Ｒａｔｉｎｇ：★ ★ ★ ★ ☆
Sixteen-year-old Cinder is considered a technological mistake by most of society and a burden by her stepmother. Being cyborg does have its benefits, though: Cinder’s brain interference has given her an uncanny ability to fix things (robots, hovers, her own malfunctioning parts), making her the best mechanic in New Beijing. This reputation brings Prince Kai himself to her weekly market booth, needing her to repair a broken android before the annual ball. He jokingly calls it “a matter of national security,” but Cinder suspects it’s more serious than he’s letting on.
Although eager to impress the prince, Cinder’s intentions are derailed when her younger stepsister, and only human friend, is infected with the fatal plague that’s been devastating Earth for a decade. Blaming Cinder for her daughter’s illness, Cinder’s stepmother volunteers her body for plague research, an “honor” that no one has survived.
But it doesn’t take long for the scientists to discover something unusual about their new guinea pig. Something others would kill for.
✩ I liked Cinder because she was independent and hardworking. She knew not to rely on others.
✩ A lot of people from my read-along were totally “swooning” over Kai, but I just didn’t see it? I mean, he was funny and kind of nice. I liked the gift he gave Cinder, but I wasn’t swooning.
✩ I also liked Levana’s fierce and unforgiving character. She was cunning, manipulative, and vain.
❝ The moon had always given her a sense of paranoia, like the people who lived up there could be watching her, and if she stared for too long, she might draw their attention.❞
I’m not really that big into sci-fi or cyborgs so I was hesitant to start this series. It’d been sitting on my TBR for the longest time and then I finally got it because it went on sale. But it kept sitting there, lol. I finally decided to give it a shot because one of my groups on Goodreads was doing a read-along for it this month so I said “Hey, why not?”
Cinder is a sci-fi retelling of the classic fairytale, Cinderella. And–surprisingly–I ended up liking this book a lot more than I initially thought I would. Although, it didn’t get to that point right away. In the first 50-60 pages, things moved pretty slow. I didn’t hate the book, but I wasn’t crazy about it either. It really wasn’t until Cinder went to the lab that things really picked up.

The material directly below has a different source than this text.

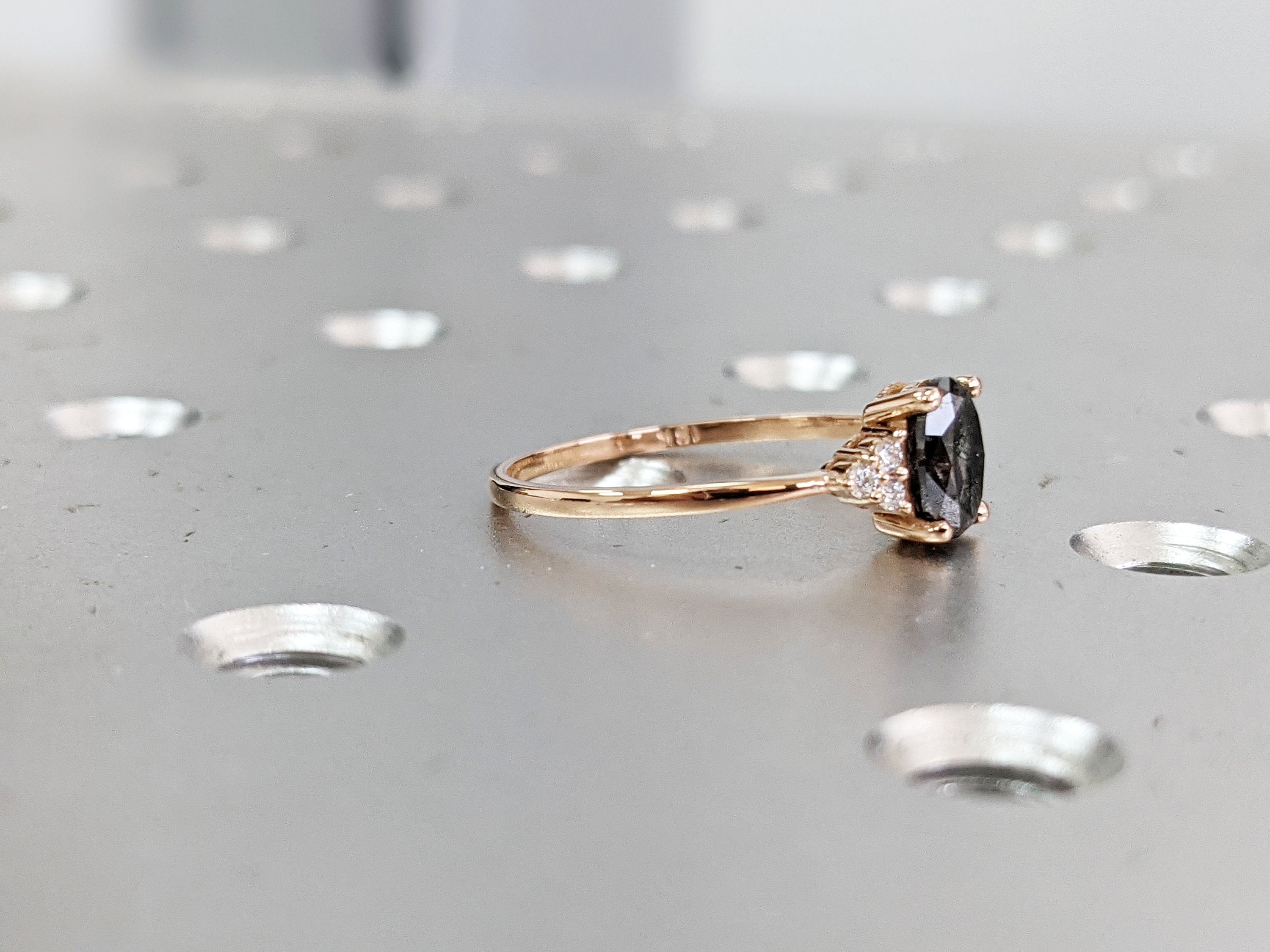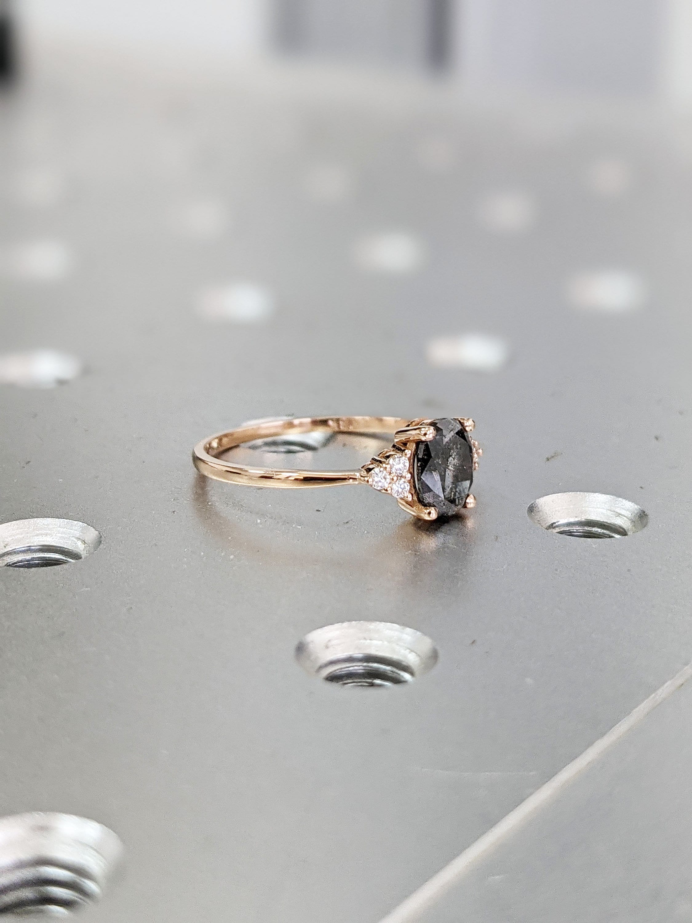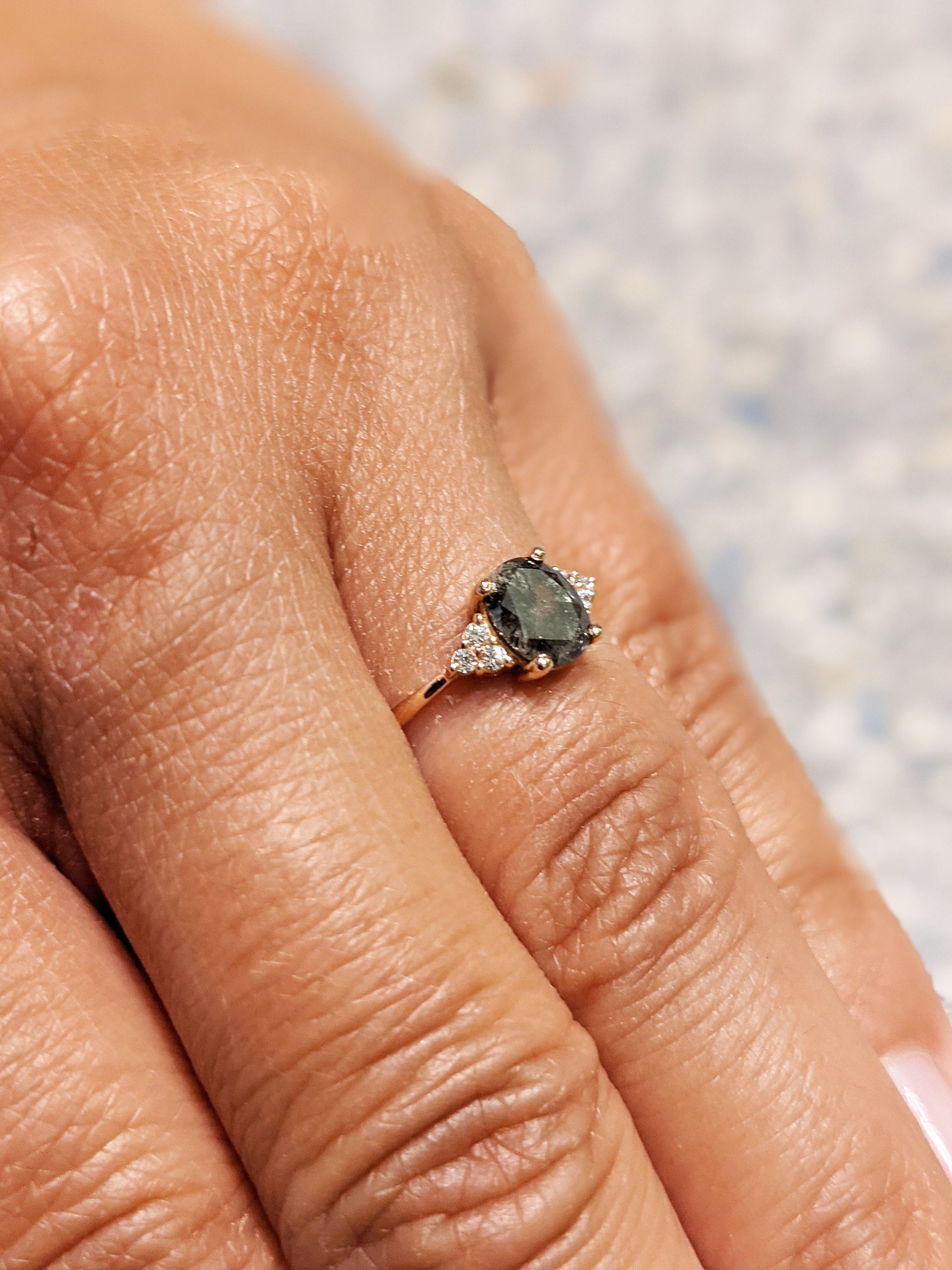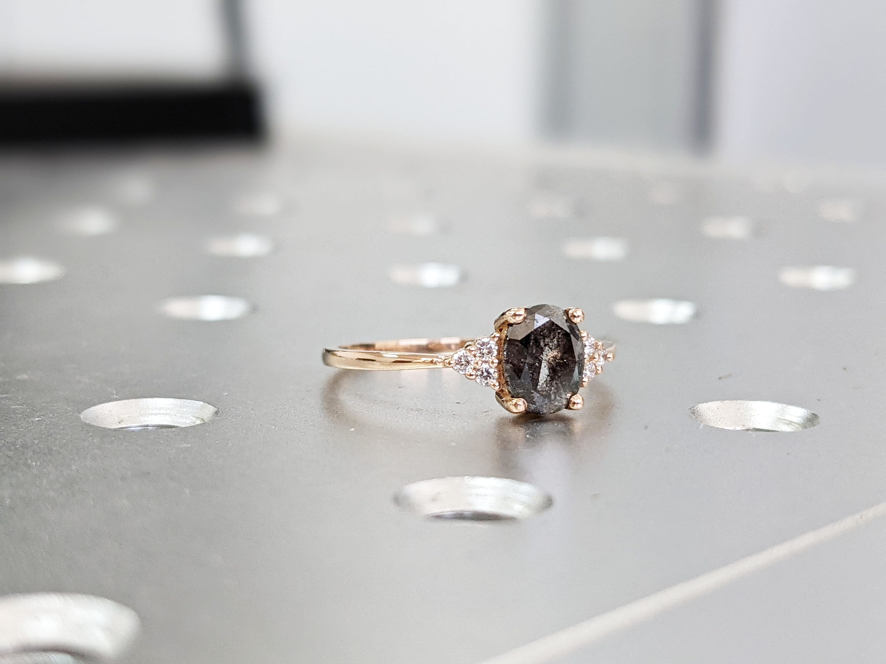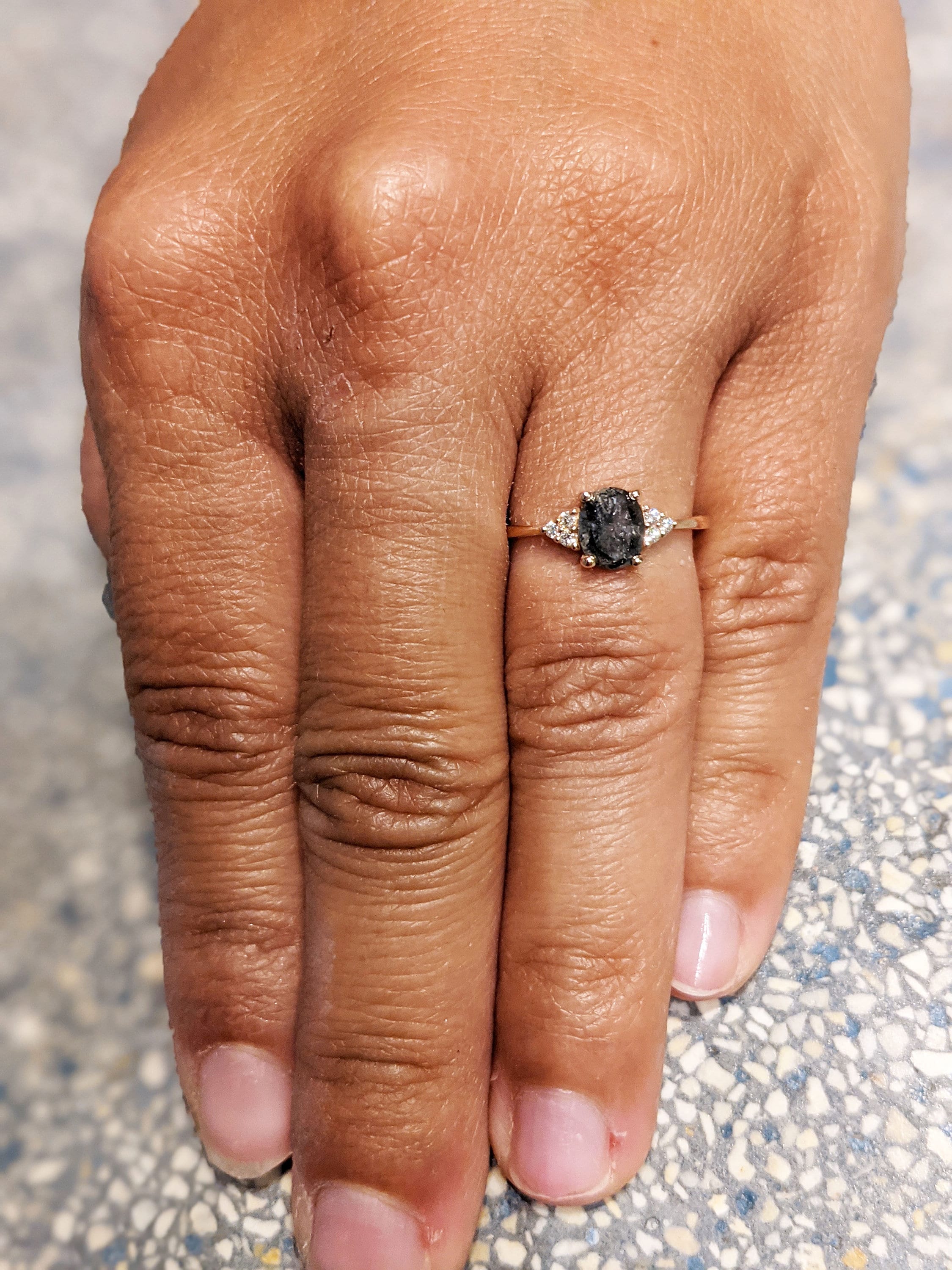 A cluster of 6 round brilliant cut diamonds, with brilliant sparkle and luster, accompany the center salt and pepper diamond, with a oval cut diamond, that gives a strong presence of vintage scent. This beautiful ring is made to order from hand selected and cut
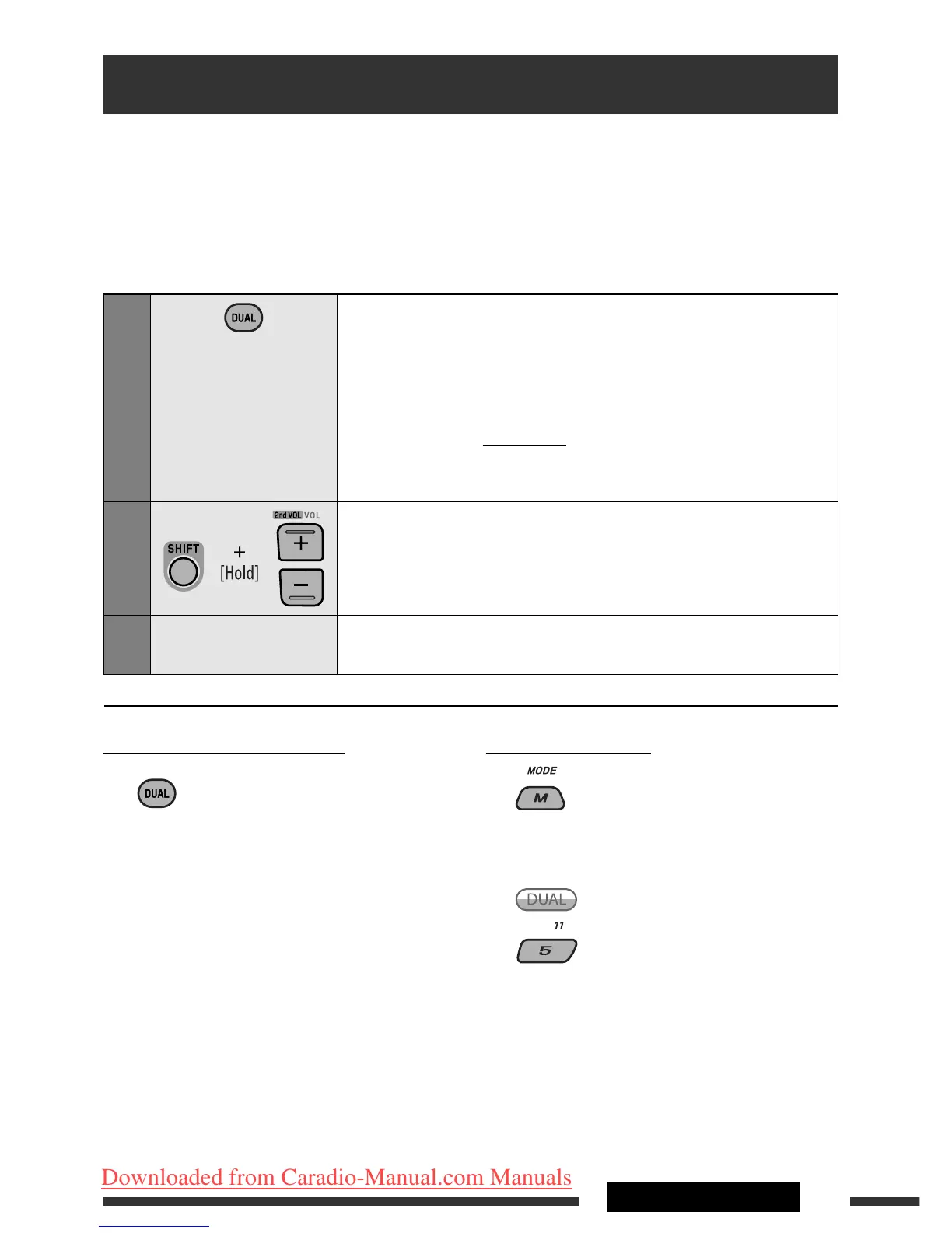 • You cannot select “AM” or “USB” as the source when Dual Zone is activated.

Cinder was a good character. I liked that her motivation was to leave and that it didn’t really change for anyone else. She was really driven, dedicated, and hardworking. I think her character lacked any other motivations and her personality was funny but also … flat at times? I think the reason it came off that way was simply because she was in a tough situation and she was so focused on her goal that it didn’t leave room for anything else. I’m hoping we get to know her better and see her character develop further later in the series.
Kai’s character also had similar issues. He was really wrapped up in doing his job so there weren’t too many moments when we could see him outside of that role. Still, I thought he was really funny, sarcastic, and dedicated. I liked how he was kind to everyone despite their station so long as they weren’t jerks. However, I was not impressed with how he acted at the end of the book, although I understood how overwhelming it was.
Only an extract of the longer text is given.